What is wanted is the full listing, word for word, without its pictures.
---------- Data section
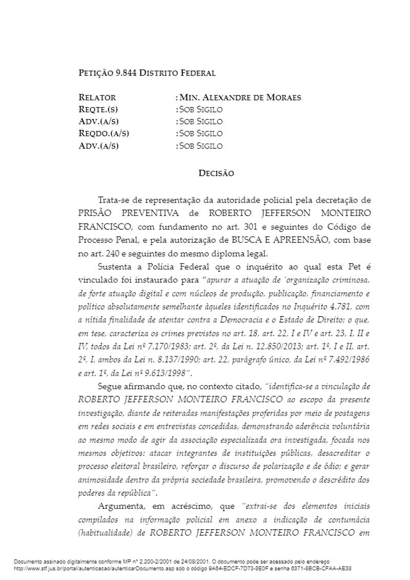 O ministro Alexandre de Moraes, do Supremo Tribunal Federal, determinou a prisão preventiva do ex-deputado Roberto Jefferson (PTB-RJ) e o cumprimento de busca e apreensão contra ele por participação em uma organização criminosa digital montada para ataques à democracia.
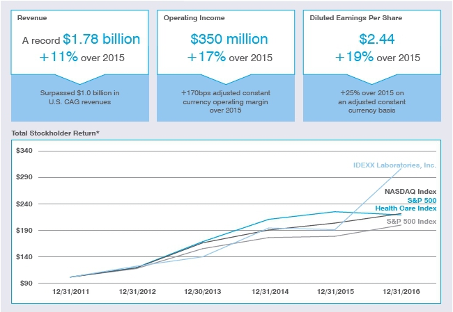 We completed an exceptional year at IDEXX in 2016 and enter 2017 with tremendous momentum, continuing to drive the flywheel of enduring growth that characterizes the IDEXX business model. In early 2017 we also received significant recognition of our success as a publicly traded company: IDEXX was added to both the S&P 500, the premier benchmark for large-cap U.S. equities, as well as the NASDAQ-100 Index, which includes the 100 largest non-financial NASDAQ-listed companies based on market capitalization.
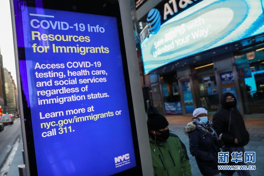 11月18日,在美国纽约时报广场,行人从显示“新冠测试”信息的电子屏旁走过。
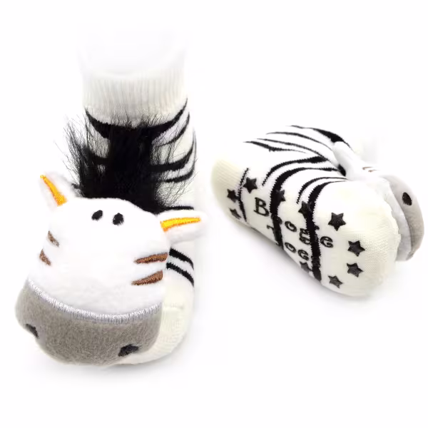 Stripes go all the way up the sock and rubber grip-bottoms provide traction for new walkers. Friendly stuffed zebra faces even double as rattles.
--------------------
### Answer to the exercise:
 O ministro Alexandre de Moraes, do Supremo Tribunal Federal, determinou a prisão preventiva do ex-deputado Roberto Jefferson (PTB-RJ) e o cumprimento de busca e apreensão contra ele por participação em uma organização criminosa digital montada para ataques à democracia.
 We completed an exceptional year at IDEXX in 2016 and enter 2017 with tremendous momentum, continuing to drive the flywheel of enduring growth that characterizes the IDEXX business model. In early 2017 we also received significant recognition of our success as a publicly traded company: IDEXX was added to both the S&P 500, the premier benchmark for large-cap U.S. equities, as well as the NASDAQ-100 Index, which includes the 100 largest non-financial NASDAQ-listed companies based on market capitalization.
 11月18日,在美国纽约时报广场,行人从显示“新冠测试”信息的电子屏旁走过。
 Stripes go all the way up the sock and rubber grip-bottoms provide traction for new walkers. Friendly stuffed zebra faces even double as rattles.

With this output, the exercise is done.